For every line below, output the text exactly and leave out images.

#### [Given data]
• • • • •

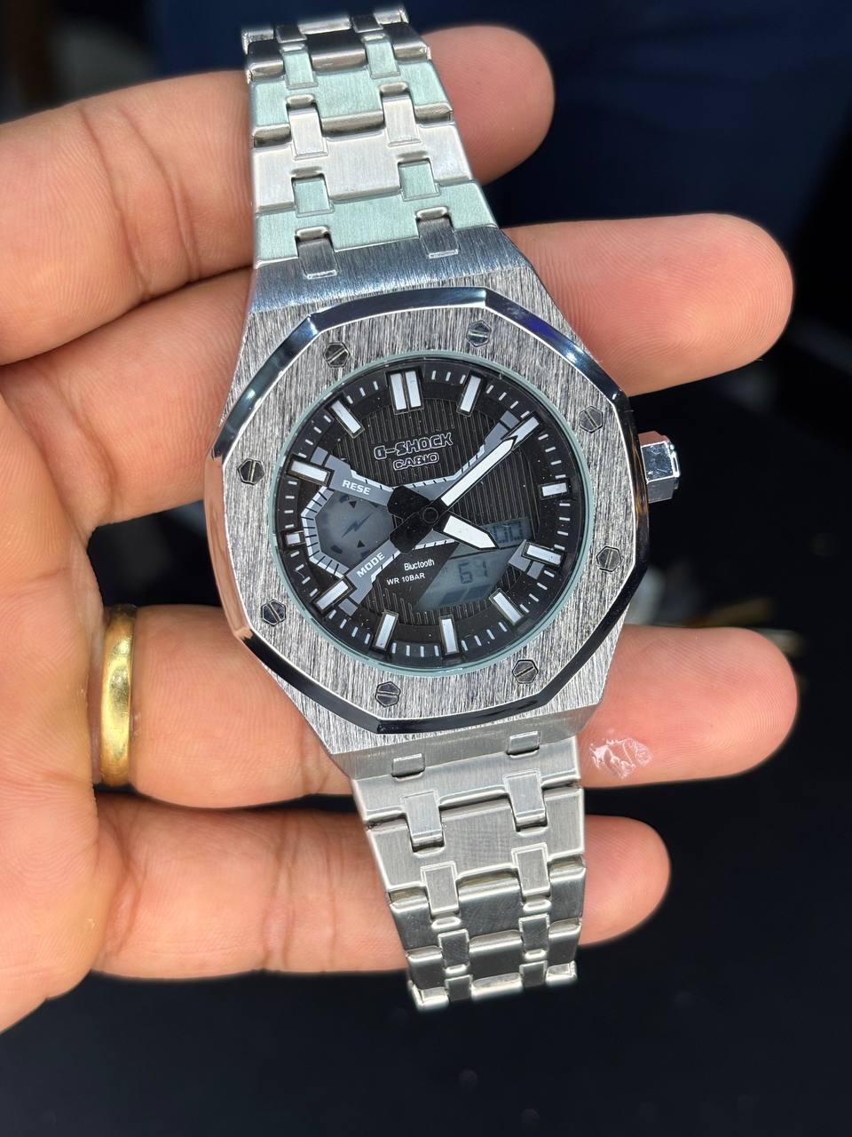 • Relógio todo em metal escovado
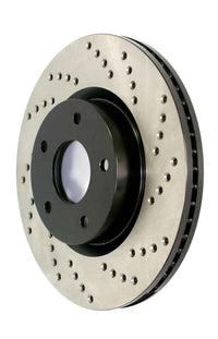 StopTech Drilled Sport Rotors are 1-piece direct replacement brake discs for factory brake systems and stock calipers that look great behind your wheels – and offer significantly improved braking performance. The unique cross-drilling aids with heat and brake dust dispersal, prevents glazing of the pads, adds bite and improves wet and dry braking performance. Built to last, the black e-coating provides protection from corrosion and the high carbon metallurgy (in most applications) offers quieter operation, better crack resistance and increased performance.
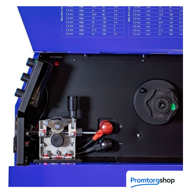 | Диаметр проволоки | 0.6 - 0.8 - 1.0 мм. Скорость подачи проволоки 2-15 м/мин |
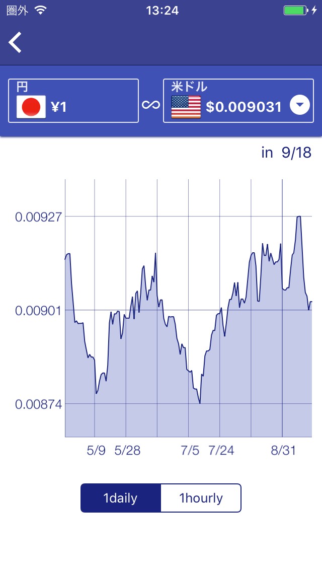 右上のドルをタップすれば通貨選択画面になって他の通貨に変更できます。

• • • • •

#### [Answer]
 • Relógio todo em metal escovado
 StopTech Drilled Sport Rotors are 1-piece direct replacement brake discs for factory brake systems and stock calipers that look great behind your wheels – and offer significantly improved braking performance. The unique cross-drilling aids with heat and brake dust dispersal, prevents glazing of the pads, adds bite and improves wet and dry braking performance. Built to last, the black e-coating provides protection from corrosion and the high carbon metallurgy (in most applications) offers quieter operation, better crack resistance and increased performance.
 | Диаметр проволоки | 0.6 - 0.8 - 1.0 мм. Скорость подачи проволоки 2-15 м/мин |
 右上のドルをタップすれば通貨選択画面になって他の通貨に変更できます。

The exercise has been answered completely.